→ INSTRUCTIONS FOR THE TASK: Where pictures appear, omit them, and copy exactly only the lines from the start of the listing through the line containing "This side dish", both included.

[SOURCE DATA Boundary: Start]

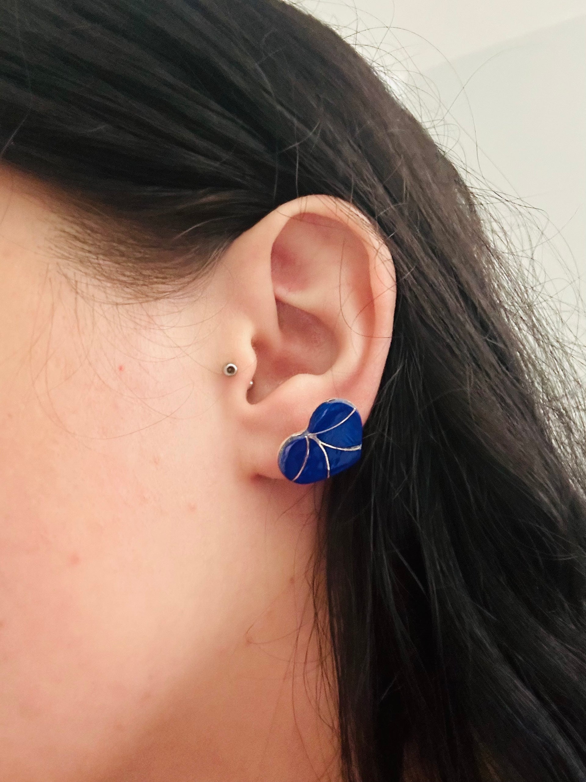 Southwest Made Lapis & Sterling Silver Post Heart Earrings
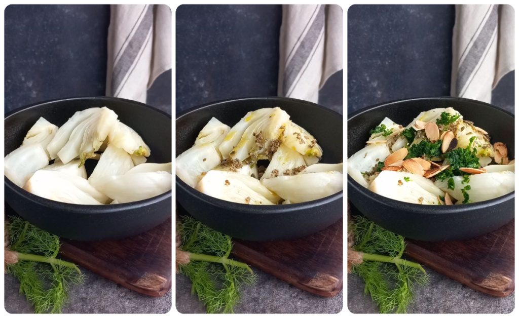 This side dish of steamed fennel, seasoned with a fragrant caper and lemon dressing, is truly amazing. If we also add the crunchy note of toasted almond flakes, the result becomes absolutely irresistible.
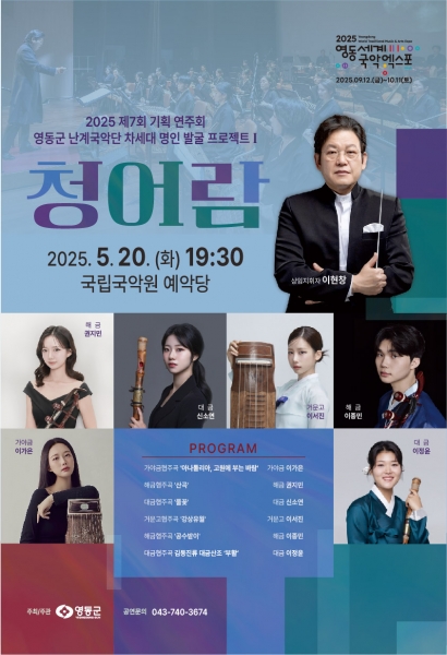 [충청뉴스큐] 충북 영동군은 오는 20일 오후 7시 30분 국립국악원 예악당에서 ‘제7회 영동군 난계국악단 차세대 명인 발굴 프로젝트 청어람’ 1차 공연을 개최한다고 밝혔다.

[SOURCE DATA Boundary: End]

→ SOLVED EXERCISE:
 Southwest Made Lapis & Sterling Silver Post Heart Earrings
 This side dish of steamed fennel, seasoned with a fragrant caper and lemon dressing, is truly amazing. If we also add the crunchy note of toasted almond flakes, the result becomes absolutely irresistible.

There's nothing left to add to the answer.